2024-07-11 14:48:24 +02:00
parent dbda31d570
commit 352913ba14
9 changed files with 50 additions and 14 deletions
--- a/Source/Engine/Renderer/GI/DynamicDiffuseGlobalIllumination.cpp
+++ b/Source/Engine/Renderer/GI/DynamicDiffuseGlobalIllumination.cpp
@@ -46,6 +46,7 @@ GPU_CB_STRUCT(Data0 {
    GlobalSignDistanceFieldPass::ConstantsData GlobalSDF;
    GlobalSurfaceAtlasPass::ConstantsData GlobalSurfaceAtlas;
    ShaderGBufferData GBuffer;
    Float4 RaysRotation;
    float Padding0;
    uint32 ProbesCount;
    float ResetBlend;
@@ -379,7 +380,7 @@ bool DynamicDiffuseGlobalIlluminationPass::RenderInner(RenderContext& renderCont
        desc2 = GPUBufferDescription::Buffer(sizeof(GPUDispatchIndirectArgs) * Math::DivideAndRoundUp(probesCountCascade, DDGI_TRACE_RAYS_PROBES_COUNT_LIMIT), GPUBufferFlags::Argument | GPUBufferFlags::UnorderedAccess, PixelFormat::R32_UInt, nullptr, sizeof(uint32));
        INIT_BUFFER(UpdateProbesInitArgs, "DDGI.UpdateProbesInitArgs");
 #undef INIT_BUFFER
-        LOG(Info, "Dynamic Diffuse Global Illumination memory usage: {0} MB, probes: {1}", memUsage / 1024 / 1024, probesCountTotal);
+        LOG(Info, "Dynamic Diffuse Global Illumination probes: {0}, memory usage: {1} MB", probesCountTotal, memUsage / (1024 * 1024));
        clear = true;
    }
 #if COMPILE_WITH_DEV_ENV
@@ -465,14 +466,15 @@ bool DynamicDiffuseGlobalIlluminationPass::RenderInner(RenderContext& renderCont
        ddgiData.Result.ProbesDistance = ddgiData.ProbesDistance->View();
        ddgiData.Result.ProbesIrradiance = ddgiData.ProbesIrradiance->View();
        Data0 data;
        // Compute random rotation matrix for probe rays orientation (randomized every frame)
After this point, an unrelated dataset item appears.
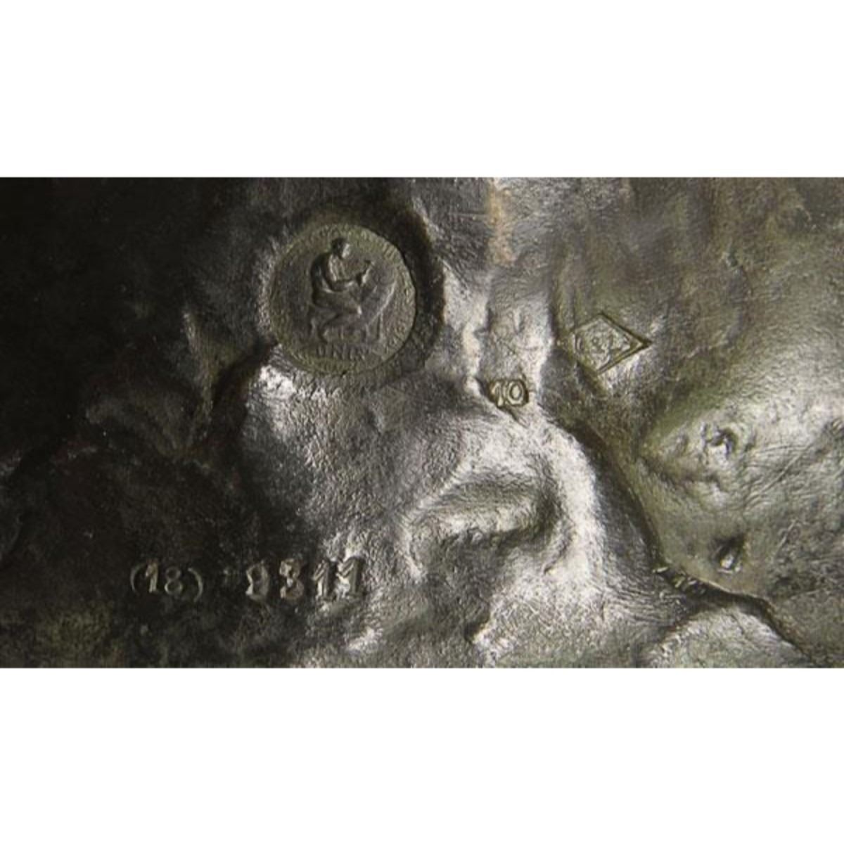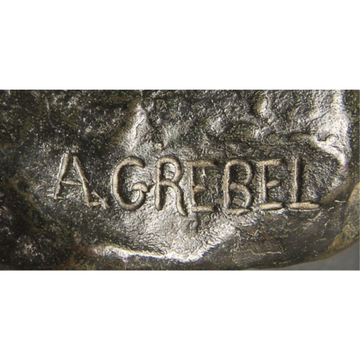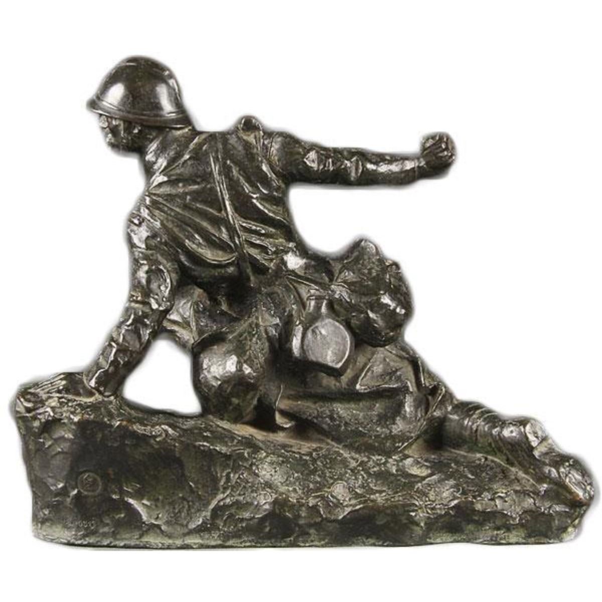 Signed Alphonse Grebel ( American 1885-1968 ) " In the Trenches" circa 1918. bronze with greenish brown patina, inscribed on base ~ A. Grebel ~ with foundry mark. Height 9 1/2".

        Matrix3x3 raysRotationMatrix;
        CalculateVolumeRandomRotation(raysRotationMatrix);
-        Quaternion& raysRotation = *(Quaternion*)&ddgiData.Result.Constants.RaysRotation;
+        Quaternion& raysRotation = *(Quaternion*)&data.RaysRotation;
        Quaternion::RotationMatrix(raysRotationMatrix, raysRotation);
        raysRotation.Conjugate();
        Data0 data;
        data.DDGI = ddgiData.Result.Constants;
        data.GlobalSDF = bindingDataSDF.Constants;
        data.GlobalSurfaceAtlas = bindingDataSurfaceAtlas.Constants;
@@ -638,7 +640,6 @@ bool DynamicDiffuseGlobalIlluminationPass::Render(RenderContext& renderContext,
    auto& ddgiData = *renderBuffers->GetCustomBuffer<DDGICustomBuffer>(TEXT("DDGI"));
    if (render && ddgiData.LastFrameUsed == Engine::FrameCount)
        render = false;
    PROFILE_GPU_CPU("Dynamic Diffuse Global Illumination");
    if (render)
--- a/Source/Engine/Renderer/GI/DynamicDiffuseGlobalIllumination.h
+++ b/Source/Engine/Renderer/GI/DynamicDiffuseGlobalIllumination.h
@@ -22,7 +22,6 @@ public:
        float ProbeHistoryWeight;
        float RayMaxDistance;
        float IndirectLightingIntensity;
        Float4 RaysRotation;
        Float3 ViewPos;
        uint32 RaysCount;
        Float3 FallbackIrradiance;
--- a/Source/Engine/Renderer/GI/GlobalSurfaceAtlasPass.cpp
+++ b/Source/Engine/Renderer/GI/GlobalSurfaceAtlasPass.cpp
@@ -742,7 +742,7 @@ bool GlobalSurfaceAtlasPass::Render(RenderContext& renderContext, GPUContext* co
                return true;
            memUsage += surfaceAtlasData.ChunksBuffer->GetMemoryUsage();
        }
-        LOG(Info, "Global Surface Atlas resolution: {0}, memory usage: {1} MB", resolution, memUsage / 1024 / 1024);
+        LOG(Info, "Global Surface Atlas resolution: {0}, memory usage: {1} MB", resolution, memUsage / (1024 * 1024));
    }
    for (SceneRendering* scene : renderContext.List->Scenes)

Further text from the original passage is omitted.